§ Exercise prompt
Among the entries below, one stretch runs from the line that contains "Di bagian tab" through the line that contains "Barcelona, Spain. Ink on Paper, 9 1/3 x 13". Repeat that stretch exactly, ends included, and only that.

§ Source data
^^^^^^^^

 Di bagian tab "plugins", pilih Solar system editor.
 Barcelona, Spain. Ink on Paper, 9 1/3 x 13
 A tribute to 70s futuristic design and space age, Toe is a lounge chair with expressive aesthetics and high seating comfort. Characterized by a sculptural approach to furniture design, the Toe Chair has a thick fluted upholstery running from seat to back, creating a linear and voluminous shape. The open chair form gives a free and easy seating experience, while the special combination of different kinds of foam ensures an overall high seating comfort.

^^^^^^^^

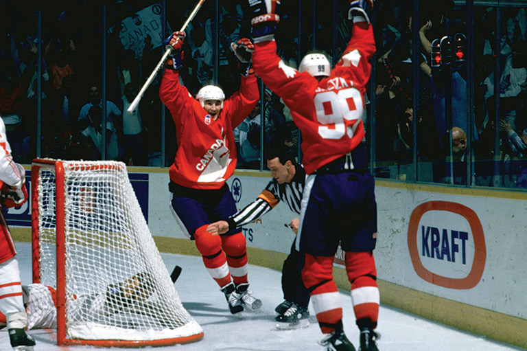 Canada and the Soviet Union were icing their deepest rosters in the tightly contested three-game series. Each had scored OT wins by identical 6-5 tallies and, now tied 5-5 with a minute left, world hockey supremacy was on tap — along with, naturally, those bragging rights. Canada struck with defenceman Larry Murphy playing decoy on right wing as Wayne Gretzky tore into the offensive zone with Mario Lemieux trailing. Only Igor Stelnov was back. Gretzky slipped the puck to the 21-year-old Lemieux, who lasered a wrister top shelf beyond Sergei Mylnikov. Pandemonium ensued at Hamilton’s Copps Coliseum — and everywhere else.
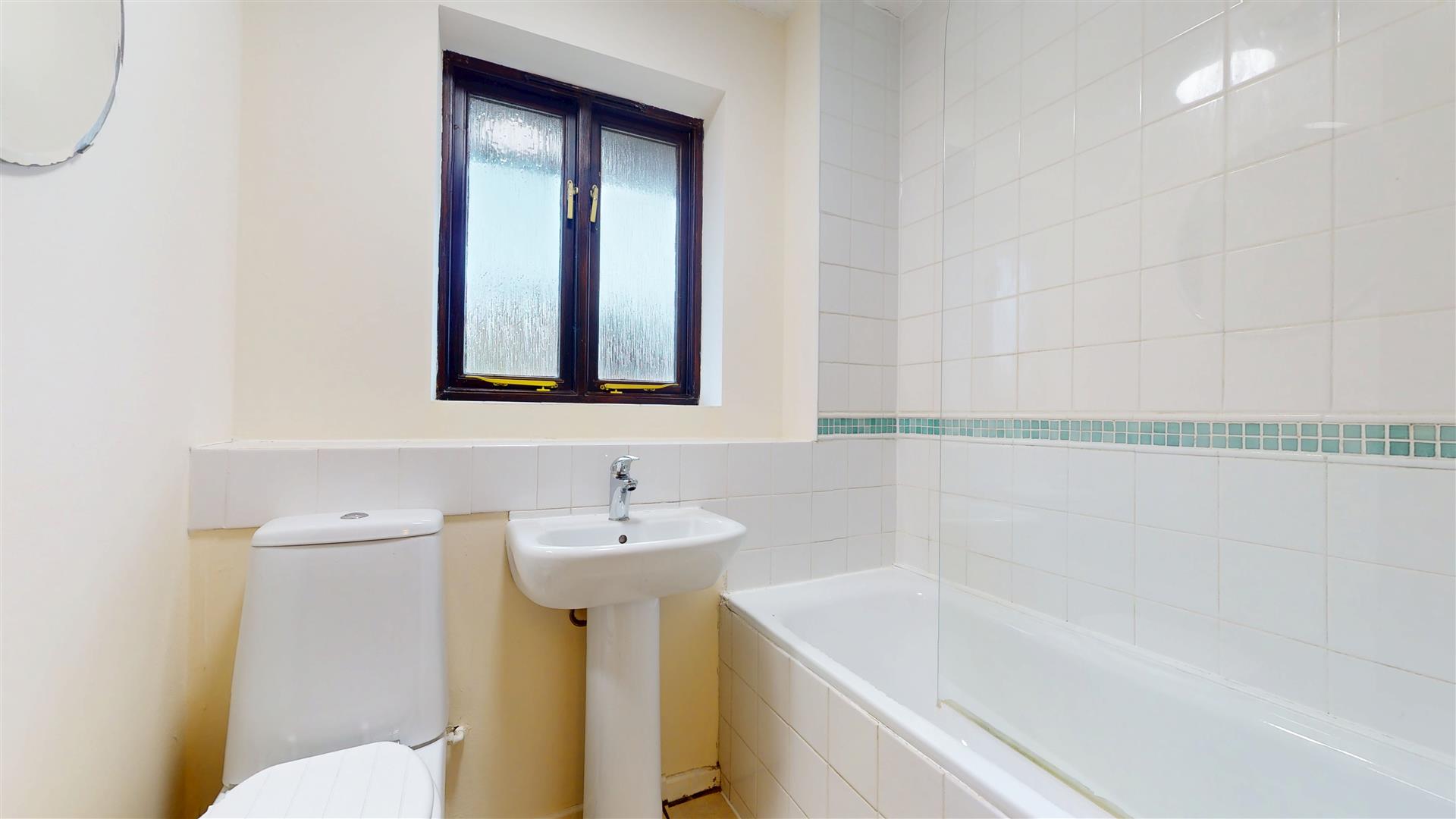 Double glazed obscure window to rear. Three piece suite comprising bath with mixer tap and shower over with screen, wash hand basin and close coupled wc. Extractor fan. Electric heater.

^^^^^^^^

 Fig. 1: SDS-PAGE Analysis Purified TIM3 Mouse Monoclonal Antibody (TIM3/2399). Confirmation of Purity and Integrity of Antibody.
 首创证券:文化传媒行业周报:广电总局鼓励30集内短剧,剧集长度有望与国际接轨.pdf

^^^^^^^^

§ Response to the exercise
 Di bagian tab "plugins", pilih Solar system editor.
 Barcelona, Spain. Ink on Paper, 9 1/3 x 13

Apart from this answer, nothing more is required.